Somehow in the midst of a busy week, I was called (by my conscience, mostly) to offer a family friend a lift down to Newcastle. Thinking I'd hit two birds with one stone, I contacted a friend and asked if we could catch up for lunch. She was having some Jehovah's Witnesses over for a bible study that morning and the timing was perfect - we'd get to discuss together our differences of beliefs and grow a stronger understanding of the Bible.

We'd been sitting for a couple of hours when she suddenly asked "how much longer are you staying?" At first I thought "okay, are you ushering me onward?" But she interjected my mind's wonderings with the fact that she had left her daughter at preschool and was meant to pick her up half an hour prior. Asking me if I could stay a little while longer and watch her baby whilst she ducked down the road, I agreed and she catapulted out of the house with sheer speed.

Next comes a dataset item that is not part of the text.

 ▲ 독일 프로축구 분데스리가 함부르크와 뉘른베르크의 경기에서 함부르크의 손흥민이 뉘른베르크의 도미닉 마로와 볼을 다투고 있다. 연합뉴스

Well. Tommy had been asleep, but when the front of the car scratched the driveway as she reversed out of the garage, he woke up with a sudden wail and I audibly thought "okay, God. Let's do this." I wandered in to where he had been asleep in his cot and there he was - face pressed up against the bars with a bewildered frustration and confusion on his face. I lifted him up, tried to reassure him that even though mum couldn't be there, I was. But he was relentless. I felt helpless, I felt... like God.

Like God? Hear me out.

It was at that moment I had an impression from Him. "Now you know what it's like, huh?"

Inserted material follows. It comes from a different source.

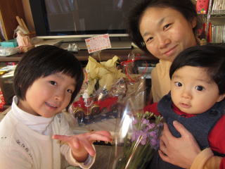 |  | おとさんとお散歩 おかさんへのクリスマスプレゼント お花をたくさん買ってきたよ |

I had a sudden recognition of how precious life is. Here is this little innocent thing in my arms - so distraught, so upset, so confused. And I recognised firstly how much of a beautiful and intense thing it is to be a parent, but also the amount of pain and sorrow God goes through knowing that He is there to calm us, to give us love, to serve us, and yet He is rarely recognised by us - whether it be in the grand scheme of "belief" or, if we are Christians, those times when we say we believe in God but our refusal to seek His care, to recognise His healing power, to acknowledge Him as our Father and the One that wipes away tears and calms our fears says otherwise.

The anxiety that I felt not being able to reassure Tommy that everything was okay is exponentially experienced by our Father in heaven. And at that realisation, I looked to heaven with Tommy in my arms and let out a gigantic "phwoarh...", being convicted instantly of times in my life presently when I don't see God for what He is doing and willing to do in my life to protect me and keep me wrapped in His arms. I refuse to acknowledge His reassuring words (in the Bible and in my daily walk with Him), I refuse to "Be still and know that [He is] God." (Psalms 46:10).

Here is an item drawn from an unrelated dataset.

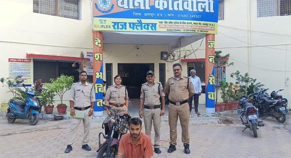 छतरपुर। छतरपुर नगर के थाना कोतवाली क्षेत्र में हुई मोटरसाइकिल चोरी की घटना का पुलिस ने महज दो दिन में खुलासा कर दिया। फरियादी तुलसीदास प्रजापति निवासी छतरपुर की रिपोर्ट पर महोबा रोड से चोरी हुई मोटरसाइकिल की तलाश शुरू की गई थी। घटना स्थल और आसपास लगे सीसीटीवी कैमरों की फुटेज खंगालने पर पुलिस को आरोपी की पहचान करने में सफलता मिली।

Immediately, Tommy became quiet, his arms swinging around me as he let out a deep sigh and buried his face into my chest. It was like coming back to God. It was like the experience of prayer and being still, knowing that He is God. My heart was touched by the reflection of me in that child. That as a Child of God, I need to bury myself into the protecting and unfailing arms of my heavenly Father.